Forgive me the nested platitude, but the issue boils down to that old saw that says, “Get the right tool for the job.” Developers need modern, standards-based languages that execute on the metal; business analysts need modern, standards-based ways to describe what systems have to accomplish. Being doctrinaire about which is the “correct” way to serve business and IT is beside the point.

So, while it’s fun to see the purists bloody each other, we intend to deliver an implementable, cost-effective and complete way to achieve what neither side really seems to want. And that, dear readers, is what a visual orchestration system is all about.

SAPPHIRE has me seeing red

Tuesday, June 3rd, 2008

I checked Wikipedia to see what a “sapphire” really is because I wondered if SAP’s SAPPHIRE trade show was using it as a pun on its company name and the “clarity” of a sapphire. Turns out it might be, since Wikipedia defines it as a mineral that’s not red. Unfortunately, the recent SAPPHIRE I attended has me seeing red.

Check out this slide from their announcement of their “BPM” products:

sap-announced-what-it-calls-bpm-at-sapphire

Once past the initial hype, what SAP claims to be bringing to market seems to be more hope than code. What bothered me the most are their claims of an “executable” business process model and that “immediate execution” speeds time to value. Hold on there…even if you did execute the model directly, is that necessarily a good thing?
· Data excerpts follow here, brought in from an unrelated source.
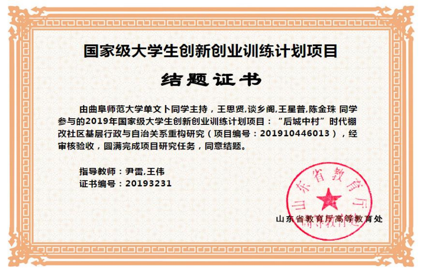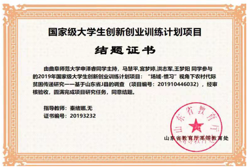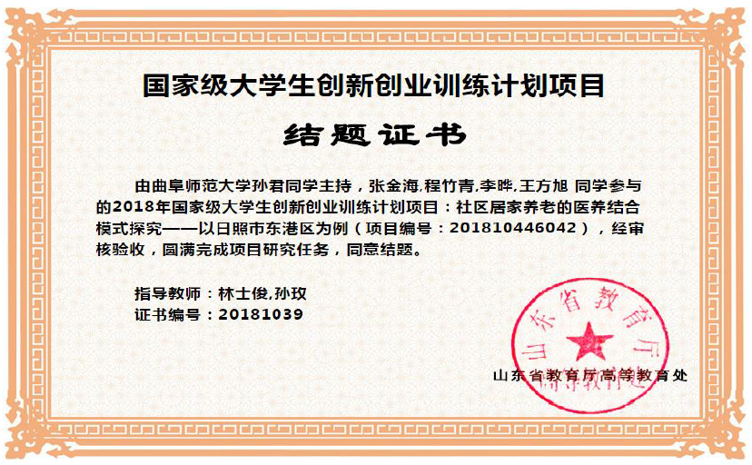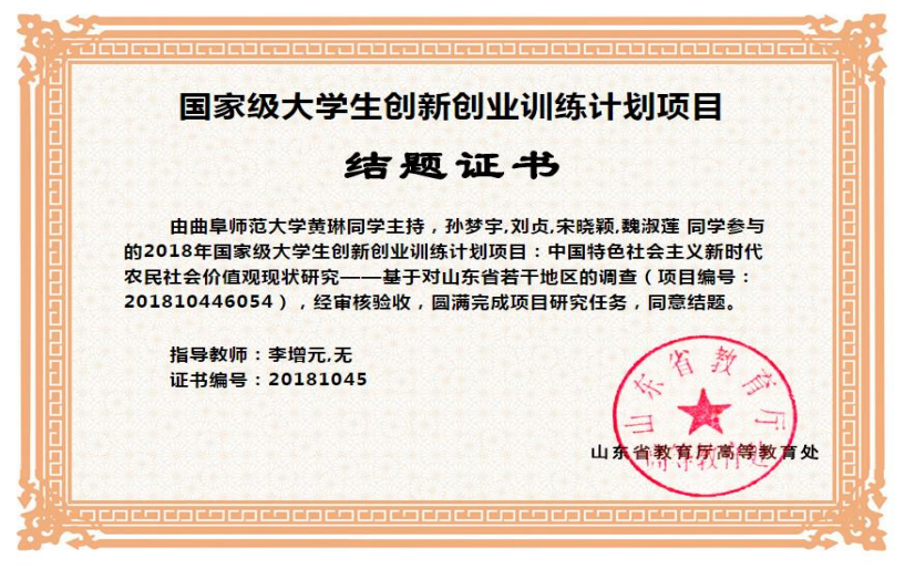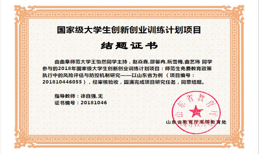 图2 学生的国家级大创项目结题证书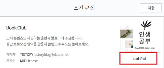 스킨편집 우측 하단에 있는 html편집을 눌러줍니다.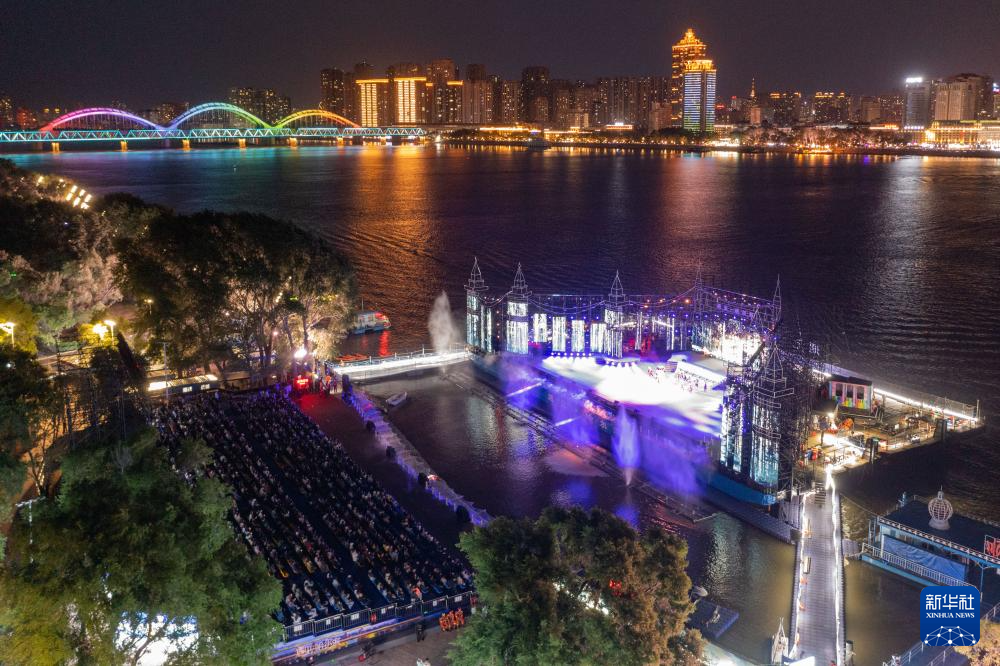 6月10日,觀眾在松花江畔觀看《遇見·哈爾濱》演出(無人機照片)。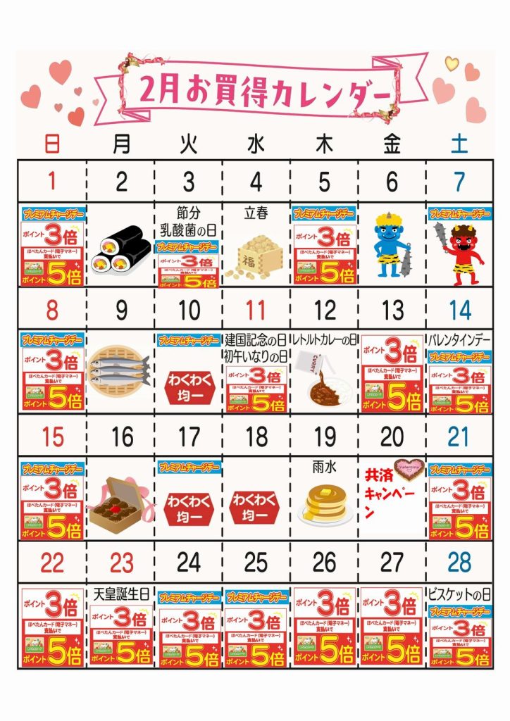 ☆2月お買得カレンダー(武蔵浦和店)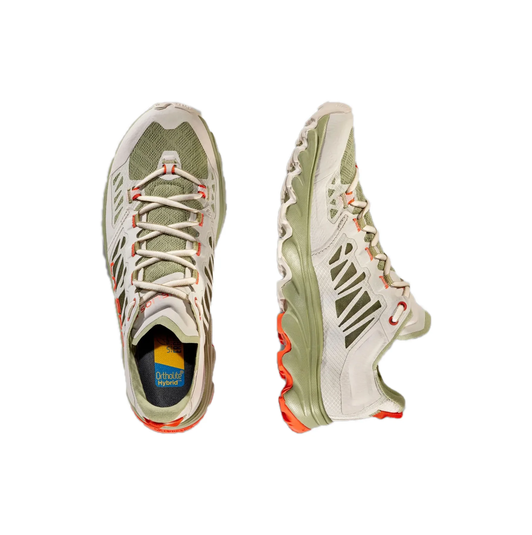 Helios III è la calzatura “door to trail” concepita per allenamenti e corse su terreni duri off-road. E’ un prodotto a vocazione Atlheisure con tomaia leggera e traspirante realizzata con una combinazione unica e termoadevisizzata di tessuto rip-stop, retina monobava, sandwich mesh e rinforzata in TPU. La calzata è estremamente comoda ed avvolgente, derivata dal modello Helios SR. La presenza del contrafforte sul tallone evita schiacciamenti in fase di calzata mentre il collarino avvolgente e morbido con cuscinetti in 3D Foam garantiscono un perfetto comfort di calzata. Il battistrada è in mescola ad alta durabilità FriXion Blu: perfetto per utilizzi su terreni duri e rocciosi. Il puntalino termo-form sagomato contribuisce alla leggerezza generale del prodotto contribuendo anche alla protezione dagli urti frontali. L’intersuola in EVA ad iniezione con tecnologia MorphoDynamic garantisce l’elevata ammortizzazione tipica del modello Helios fin dal suo debutto sul mercato mentre l’inserto Cushoning Platform ne aumenta le proprietà ammortizzanti ed il comfort generale. Helios III: time to fly, again.
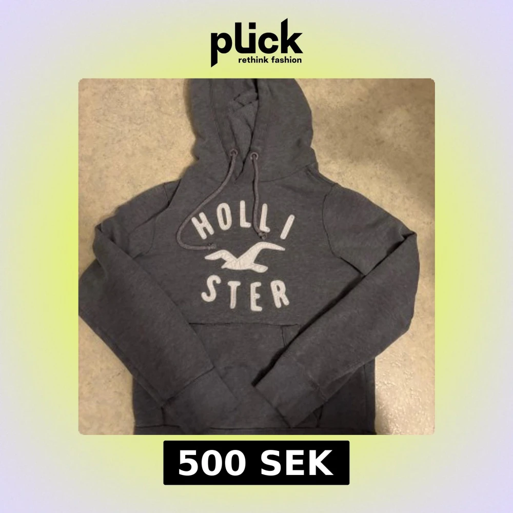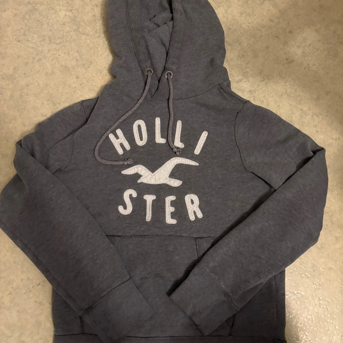 Snygg mörkgrå hoodie från Hollister med stor logga och fågeltryck på bröstet. Tröjan har huva med snörning, magficka och långa ärmar. Perfekt för chill dagar och enkel att matcha med jeans eller joggers. Lite sliten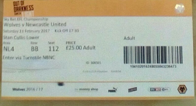 Ticket for Wolverhampton Wanderers v Newcastle United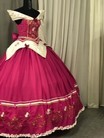 Realizato in tessuto giorgette , raso e velluto in set. Decorato a mano. I ricami sono realizzati con macchina ricamatrice. Compreso di sottogonna.

Surely SAP isn’t suggesting that all of a sudden, you’re going to stop following best practices and the SDLC that you have developed over the years: separation of concern from the model, its implementation, testing, and methodical deployment across development, sit/cit and pre-production environments before you put it in production.

Beyond the question of what the right thing to do is in terms of development process, what exactly did SAP announce? A beta of BPM/BRM that will be released this June with the actual product shipping — maybe — in March 2009. (We’re hearing it’s $4500 per seat. Get that special checkbook you use for SAP products ready…you know the one with eight zeros pre-printed in the amount field.)

When it ships next March, there will be no announced integration with BPEL and no means of import/export of the BPMN from the tool that SAP customers have largely adopted, ARIS.

We talked with ARIS customers who aren’t happy about the lack of integration. One we spoke with uses ARIS heavily to model processes and hand them over to development. Instead, SAP chose to generate executable code directly bypassing the developer. If you believe SAP, you’ve now empowered your business analysts with the means to build executable models.

The good news is that you now have 300 new developers; the bad news is that you have 300 new developers. Is there an IT group on the planet that would deploy such a model in production directly? Please let us know if you do…we want to see how you’ve managed to skip validation, testing, performance trials and all the rest of the standard things a real application has to have.

SAP indicated that interoperability with ARIS is not possible because of a lack of a standard for BPMN serialization. While that’s true — BPMN is a notation (i.e. not an executable process definition like BPEL) — not having import/export with ARIS only suggests SAP is more interested in account control than real BPM. If it was motivated in ensuring no lock-in, SAP would have worked more closely with ARIS in developing an import/export mechanism, maybe via XPDL or XMI. But they haven’t, and while we’re only speculating, it seems clear why they haven’t. So much for the claims by ARIS at SAPPHIRE that ARIS is the “Business Processing Arm of SAP”.

See why does this have us seeing red? We’re steaming for the SAP customers who actually buy this line…who’ll be waiting a year (at best) for capabilities they need today…who’ll end up even more locked-in than ever to proprietary, closed, non-standards-compliant applications.